Base-metal dental casting alloy biocompatibility assessment using a human-derived three-dimensional oral mucosal model

Abstract

Nickel–chromium (Ni–Cr) alloys used in fixed prosthodontics have been associated with type IV Ni-induced hypersensitivity. We hypothesised that the full-thickness human-derived oral mucosa model employed for biocompatibility testing of base-metal dental alloys would provide insights into the mechanisms of Ni-induced toxicity. Primary oral keratinocytes and gingival fibroblasts were seeded onto Alloderm™ and maintained until full thickness was achieved prior to Ni–Cr and cobalt–chromium (Co–Cr) alloy disc exposure (2–72h). Biocompatibility assessment involved histological analyses with cell viability measurements, oxidative stress responses, inflammatory cytokine expression and cellular toxicity analyses. Inductively coupled plasma mass spectrometry analysis determined elemental ion release levels.
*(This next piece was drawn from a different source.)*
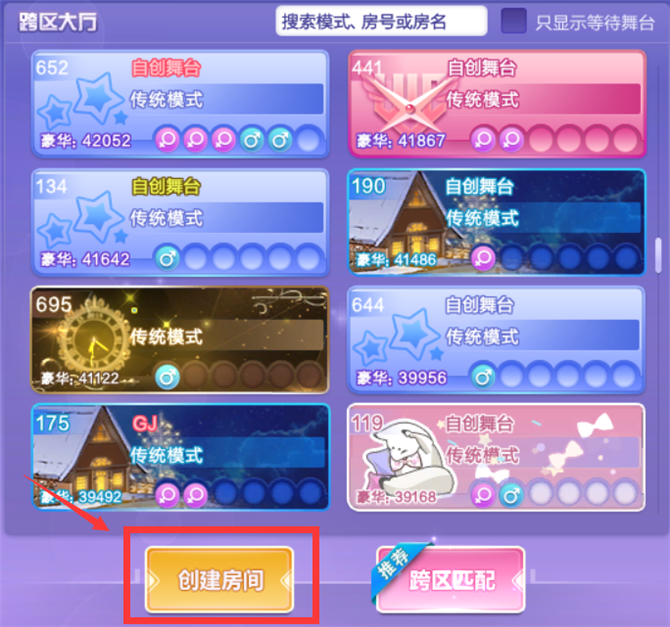 在游戏大厅里创建一个房间,模式和房间样式没有要求。
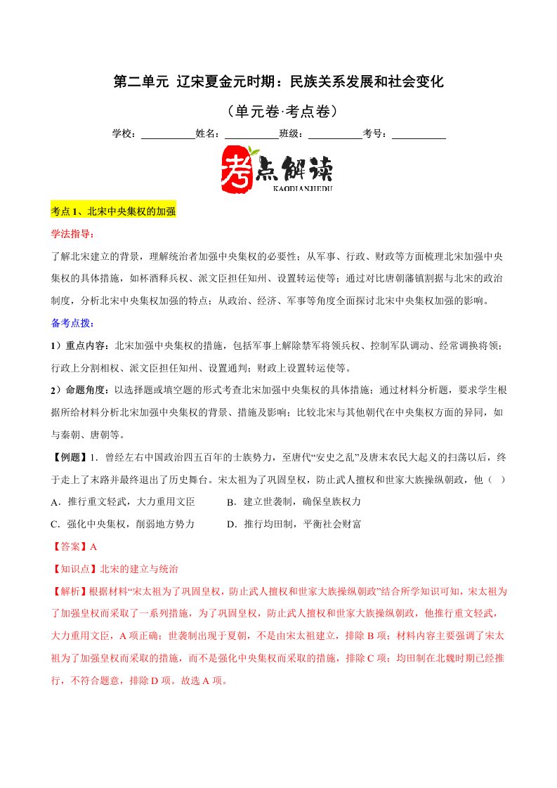 七下历史 第二单元 辽宋夏金元时期:民族关系发展和社会变化(单元卷)(含答案)QXLSBB-0020

We detected adverse morphology with significant reductions in cell viability, significant increases in oxidative stress, inflammatory cytokine expression and cellular toxicity for the Ni–Cr alloy-treated oral mucosal models compared with untreated oral mucosal models, and adverse effects were increased for the Ni–Cr alloy that leached the most Ni. Co–Cr demonstrated significantly enhanced biocompatibility compared with Ni–Cr alloy-treated oral mucosal models. The human-derived full-thickness oral mucosal model discriminated between dental alloys and provided insights into the mechanisms of Ni-induced toxicity, highlighting potential clinical relevance.